Southeast Europe leads in reform of region's transition economies

By bne IntelliNews November 23, 2007

Dominic Swire in Prague -

Reform of the transitional economies of Central and Eastern Europe continues at breakneck speed, with the countries in Southeast Europe moving fastest, the European Bank of Reconstruction and Development (EBRD) said in a recent report that covers the 29 economies into which it invests.

Competitive wage levels along with an improving economic and institutional framework are the main drivers behind economic growth in the region, according to the report entitled "People in Transition 2007." Investor sentiment has also been buoyed by the increased prospects of a number of Southeast European countries joining the EU. However, there are still concerns about rapidly increasing inflation, the global credit crunch and large external imbalances that could threaten macro-economic and exchange-rate stability.

The EBRD forecasts the economies into which it invests will grow 6.1% next year, a slowdown from 7% this year - though that was the fastest rate of growth since the collapse of communism began in 1989.
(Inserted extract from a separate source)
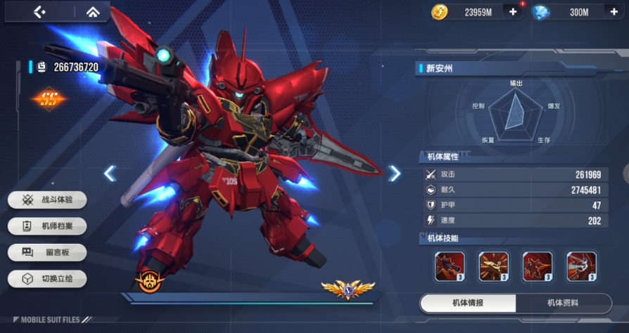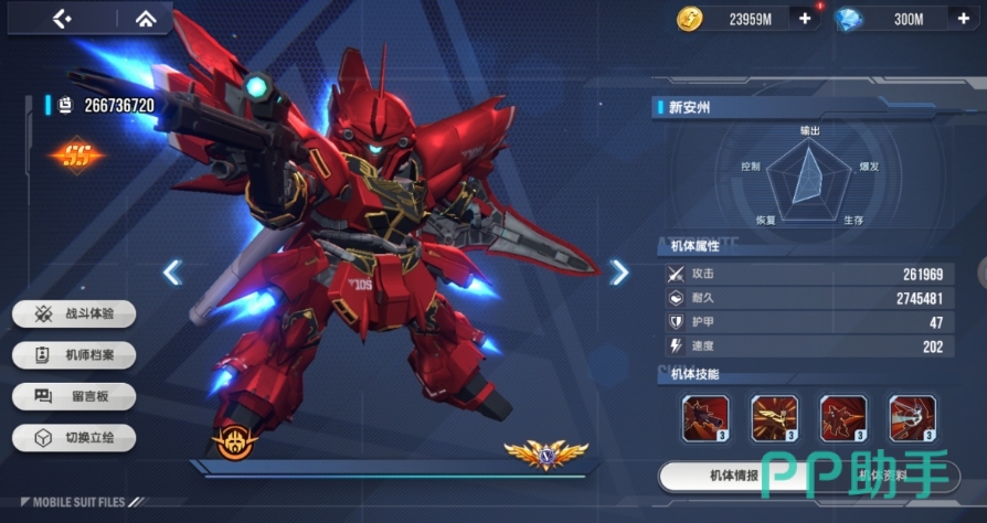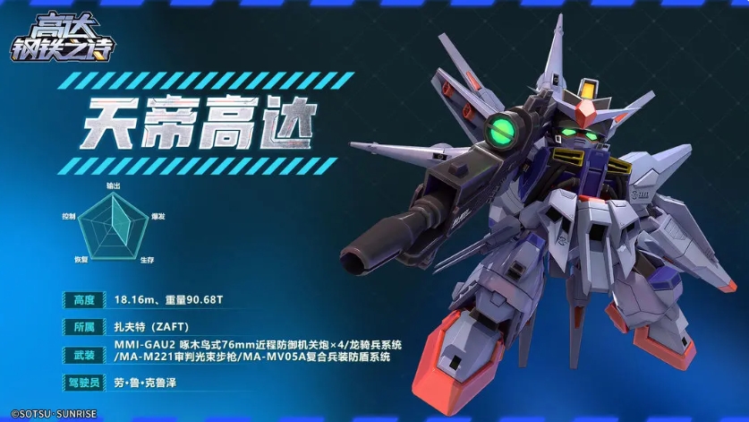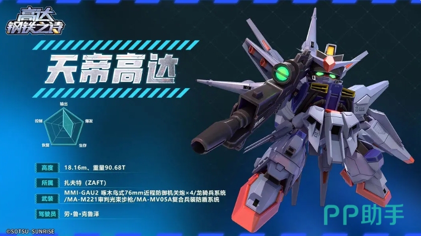新安洲高达具有出色的战术压制能力,其装备的火箭炮威力巨大,能够穿透3.2米厚的装甲,并且可以将35%的伤害转化为自愈,这提高了其在战场上的生存能力,同时技能4推进器超载能够提升攻击与闪避属性,使其在中远程火力压制方面表现出色,无论是在进攻还是防御端,新安洲高达都能够发挥作用,为团队提供稳定的火力支援。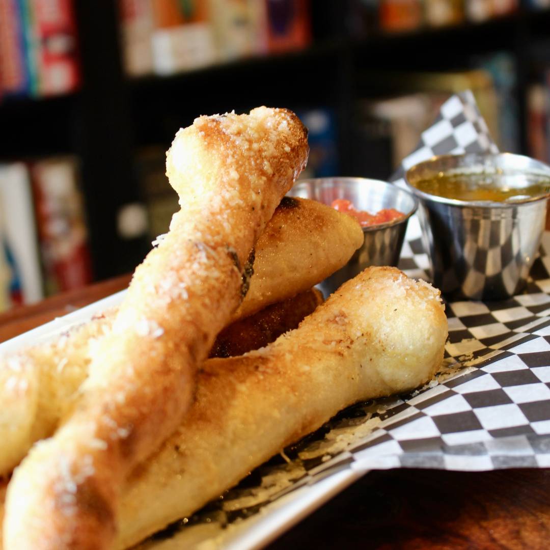 freshly baked breadsticks made from our pizza dough, tossed in vegan garlic butter, and topped with parmigiano, served with a side of marinara and garlic butter

The development bank said the rise in borrowing costs on international markets stemming from the sub-prime mortgage mess in the US could have the serendipitous effect of cooling some of the region's more overheated economies, such as in Bulgaria and Romania. However, a sharp rise in costs or a prolonged inability to borrow at all could have more drastic consequences for these countries running large current-account deficits.

The report singles out proximity to the EU as one of the main economic drivers for countries in the Western Balkans. Montenegro has signed a Stabilisation and Association Agreement with the bloc, the first step along the road to eventual membership. Croatia is already a long way down that road and looks likely to become the EU's next new member. The EU has also had significant influence in the reform of the legal framework and enforcement of competition policy in Macedonia, along with major reform in the telecommunications sector in Albania.

Shared optimism

Such optimism is shared in a recent report by UniCredit Group that says GDP growth in the region is unlikely to slow anytime soon and predicts a surge in the mortgage sector of 24% per year over the next two years.

Some of the best performers include Bosnia and Serbia, both of which are expected to maintain GDP growth of above 6% over the next two years. Romania, Bulgaria and Croatia are not far behind with a predicted 5-6% over the same period, according to UniCredit's estimates.

The report says the main force behind this strong performance is a rising level of consumption from an increasingly wealthy population which is striving to catch up with the lifestyle of their Western neighbours. "Consumption is marked by fast income growth and improved access to the credit market. This is also supported by a wealth effect arising from fast growth of house prices," says Debora Revoltella, chief economist for CEE at UniCredit.

The growth is spurred by relatively low levels of durable goods ownership with only 30% of people in Southeast Europe owning a computer and just 40% owning a car, compared with EU averages of over 50%.

Filip Tesar, a research fellow at the Czech Institute of International Relations concurs. "The acquisition of status symbols such as houses, cars or clothing is still one of the important incentives for Southeastern Europeans," he says, noting that the building industry is also one of the main contributors to the high GDP growth in the region.

The growing middle class and booming housing market is reflected in the expansion of the Swedish furniture group IKEA. Often seen as a barometer of prosperity, IKEA is already in Romania and Turkey and has plans to enter the markets of Croatia and Slovenia within the next four years.

The expansion plans are unsurprising in light of the results from the firm's first store in Romania, which posted sales of €40m in its first six months, over 70% higher than expectations. The company is now looking to significantly raise its profile in the country by opening one store per year over the next six years.

However, Tesar warns not to get carried away with such figures. "The key sign of progress will be growth of competitive production in the Balkan countries, not the growth of imports," he says.

On the contrary, Tesar warns that increasing imports can actually be damaging to the region. In the case of Kosovo, he argues, it's a potential Catch-22 situation. "The main source of government revenues [in Kosovo] is import duties. Thus every attempt to restructure the economy means the government must cut off this main revenue source, but without this money it can not restructure," Tesar says.

Another major risk linked to the region is the large external imbalances many countries are running up. This is particularly worrying for Bosnia and Bulgaria, which are expected to run up deficits of up to 18% this year. Nevertheless, analysts are crossing their fingers that the reason behind these worrying statistics is the need to build up production capacity during the convergence process, which will hopefully transform into improved exports over time.

"Even at the peak of the US sub-prime mortgage crisis the stability of the exchange rates in SEE was never put into question by the market apart from an overdue correction of the Romanian leu from excessively strong levels," says Michael Palzer, head of communications at Raiffeisen Bank. "We see the high current-account deficits as a sign for the ongoing restructuring of the economies similar to the experience of the Central European countries in the late 1990s, early 2000s."

Investors in the region will be hoping he is right. Time will tell whether Southeast Europe is a bet worth putting your house on.